- _Dataset section_:

----------------------------------------

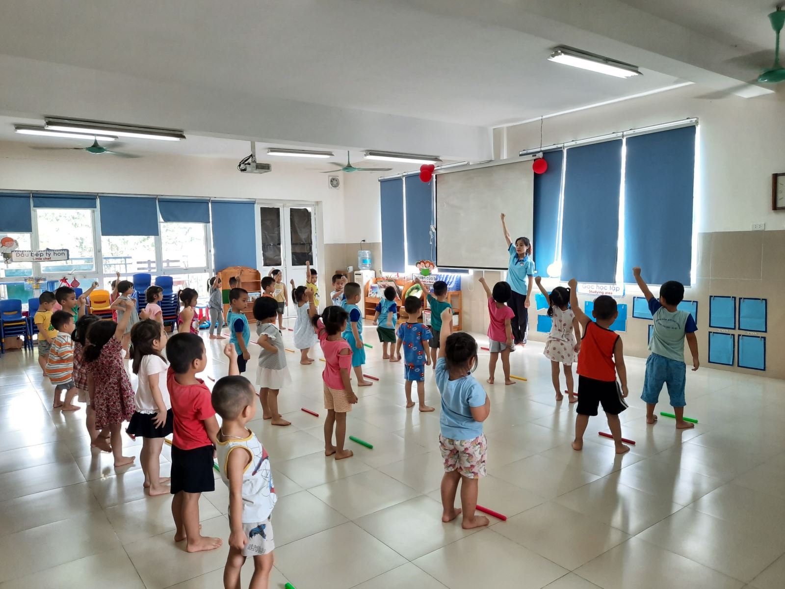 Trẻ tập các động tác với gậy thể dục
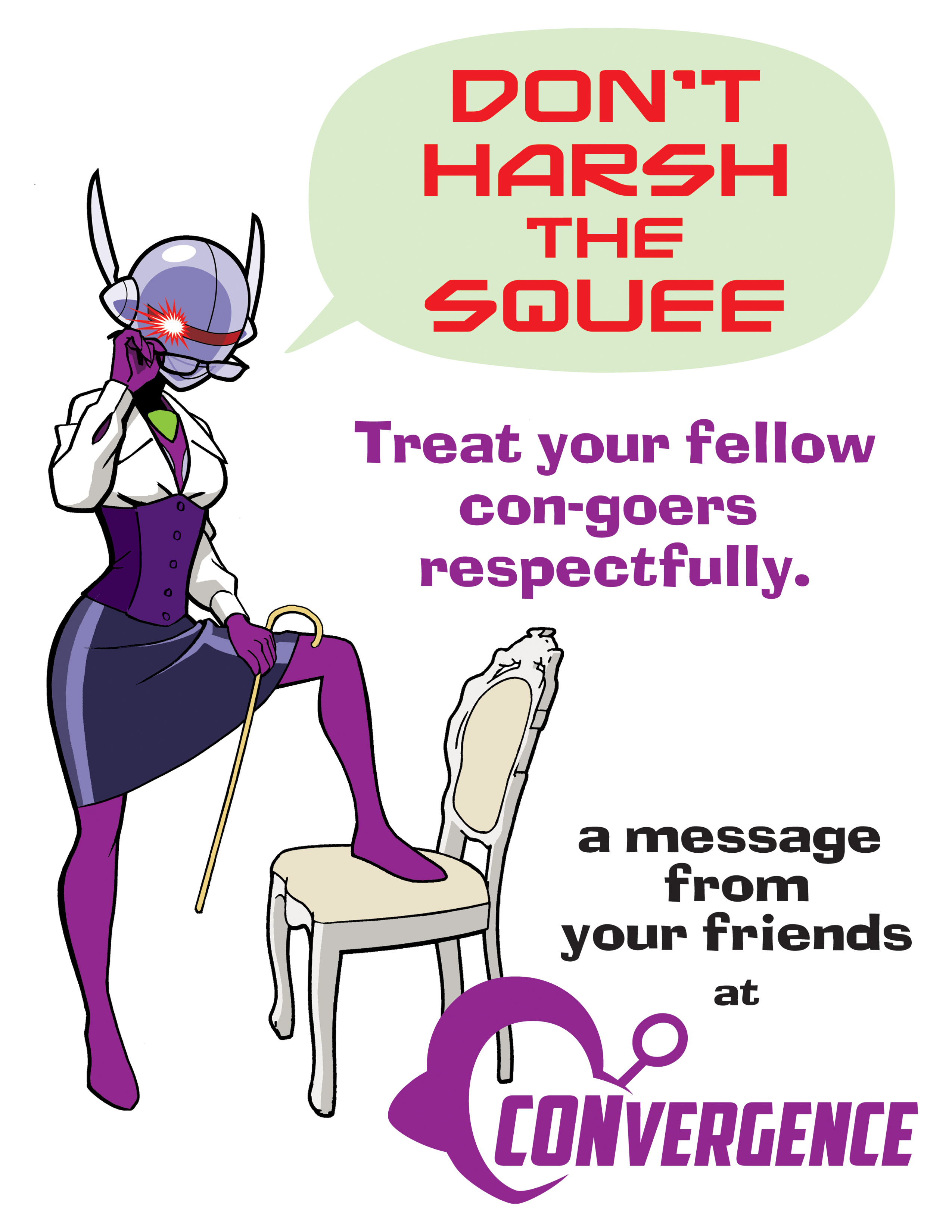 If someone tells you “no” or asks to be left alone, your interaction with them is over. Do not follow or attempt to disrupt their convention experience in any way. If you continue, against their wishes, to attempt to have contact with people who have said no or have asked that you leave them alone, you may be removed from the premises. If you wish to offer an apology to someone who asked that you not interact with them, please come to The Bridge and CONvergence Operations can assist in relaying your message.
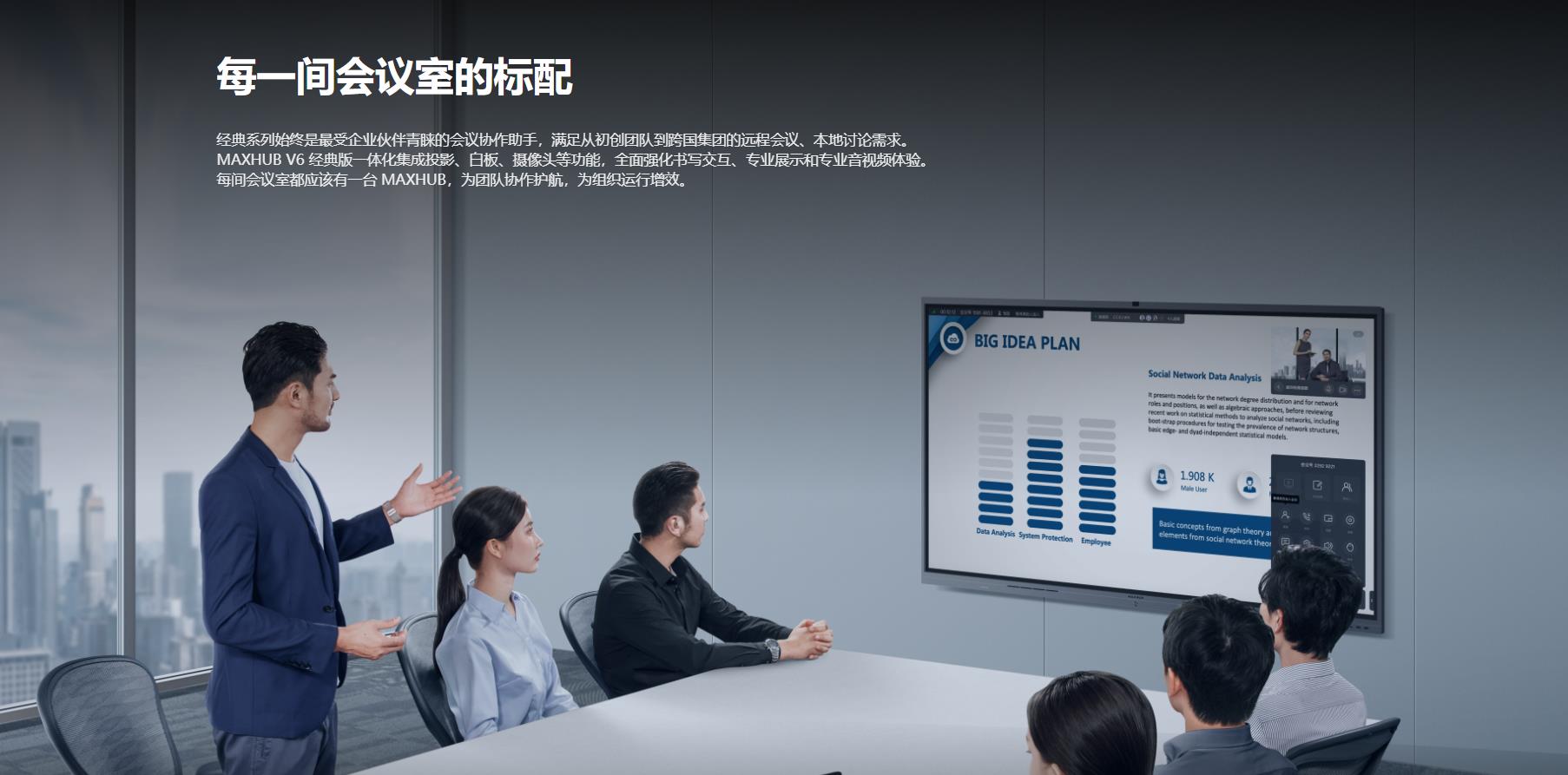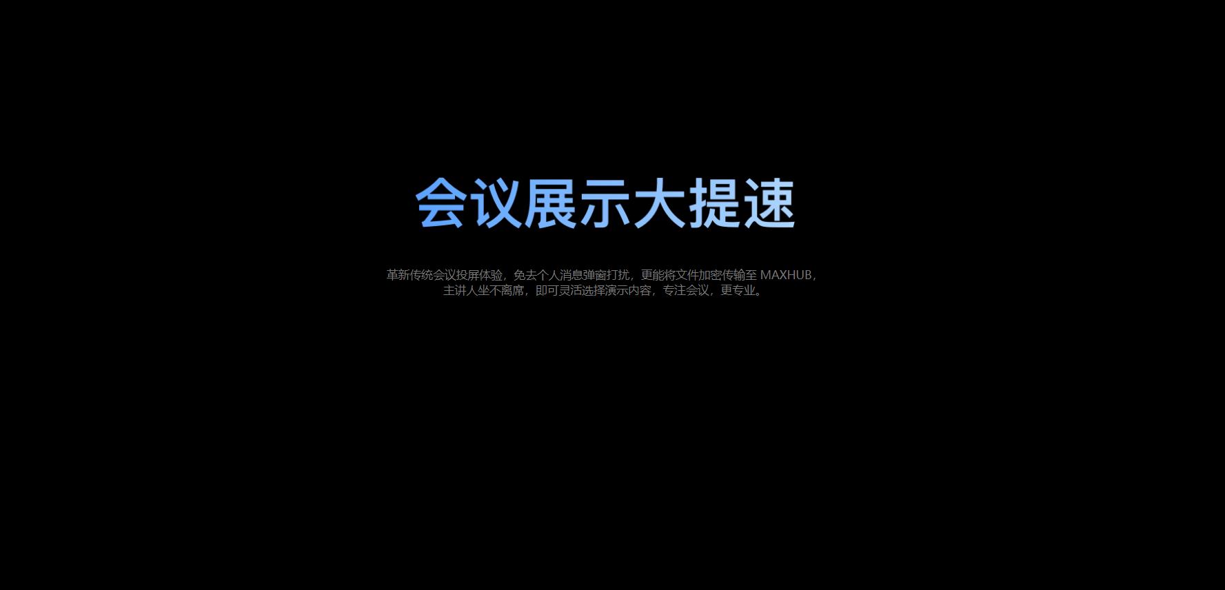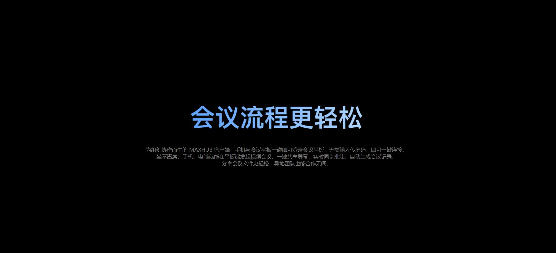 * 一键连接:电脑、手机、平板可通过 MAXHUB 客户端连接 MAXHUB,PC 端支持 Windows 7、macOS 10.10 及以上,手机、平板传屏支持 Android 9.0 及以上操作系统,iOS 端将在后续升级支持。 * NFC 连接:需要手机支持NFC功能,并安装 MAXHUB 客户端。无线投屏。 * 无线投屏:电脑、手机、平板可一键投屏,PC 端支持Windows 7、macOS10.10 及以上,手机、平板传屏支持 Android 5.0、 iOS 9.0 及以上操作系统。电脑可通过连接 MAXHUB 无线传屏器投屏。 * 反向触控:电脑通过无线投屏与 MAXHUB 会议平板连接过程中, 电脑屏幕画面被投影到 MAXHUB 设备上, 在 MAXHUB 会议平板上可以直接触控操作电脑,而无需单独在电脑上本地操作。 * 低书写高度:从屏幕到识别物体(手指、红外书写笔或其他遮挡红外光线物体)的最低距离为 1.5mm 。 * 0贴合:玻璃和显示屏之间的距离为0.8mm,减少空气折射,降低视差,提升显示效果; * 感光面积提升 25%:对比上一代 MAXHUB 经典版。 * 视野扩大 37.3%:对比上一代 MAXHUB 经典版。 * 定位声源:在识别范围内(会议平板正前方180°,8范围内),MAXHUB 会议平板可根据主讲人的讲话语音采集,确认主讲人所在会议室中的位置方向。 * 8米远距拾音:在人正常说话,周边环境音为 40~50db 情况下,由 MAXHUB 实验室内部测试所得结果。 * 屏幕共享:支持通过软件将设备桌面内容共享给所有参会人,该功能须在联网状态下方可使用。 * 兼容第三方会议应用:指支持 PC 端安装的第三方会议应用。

----------------------------------------

All lines of the material above should be returned unchanged, but no pictures should be included.

 Trẻ tập các động tác với gậy thể dục
 If someone tells you “no” or asks to be left alone, your interaction with them is over. Do not follow or attempt to disrupt their convention experience in any way. If you continue, against their wishes, to attempt to have contact with people who have said no or have asked that you leave them alone, you may be removed from the premises. If you wish to offer an apology to someone who asked that you not interact with them, please come to The Bridge and CONvergence Operations can assist in relaying your message.
 * 一键连接:电脑、手机、平板可通过 MAXHUB 客户端连接 MAXHUB,PC 端支持 Windows 7、macOS 10.10 及以上,手机、平板传屏支持 Android 9.0 及以上操作系统,iOS 端将在后续升级支持。 * NFC 连接:需要手机支持NFC功能,并安装 MAXHUB 客户端。无线投屏。 * 无线投屏:电脑、手机、平板可一键投屏,PC 端支持Windows 7、macOS10.10 及以上,手机、平板传屏支持 Android 5.0、 iOS 9.0 及以上操作系统。电脑可通过连接 MAXHUB 无线传屏器投屏。 * 反向触控:电脑通过无线投屏与 MAXHUB 会议平板连接过程中, 电脑屏幕画面被投影到 MAXHUB 设备上, 在 MAXHUB 会议平板上可以直接触控操作电脑,而无需单独在电脑上本地操作。 * 低书写高度:从屏幕到识别物体(手指、红外书写笔或其他遮挡红外光线物体)的最低距离为 1.5mm 。 * 0贴合:玻璃和显示屏之间的距离为0.8mm,减少空气折射,降低视差,提升显示效果; * 感光面积提升 25%:对比上一代 MAXHUB 经典版。 * 视野扩大 37.3%:对比上一代 MAXHUB 经典版。 * 定位声源:在识别范围内(会议平板正前方180°,8范围内),MAXHUB 会议平板可根据主讲人的讲话语音采集,确认主讲人所在会议室中的位置方向。 * 8米远距拾音:在人正常说话,周边环境音为 40~50db 情况下,由 MAXHUB 实验室内部测试所得结果。 * 屏幕共享:支持通过软件将设备桌面内容共享给所有参会人,该功能须在联网状态下方可使用。 * 兼容第三方会议应用:指支持 PC 端安装的第三方会议应用。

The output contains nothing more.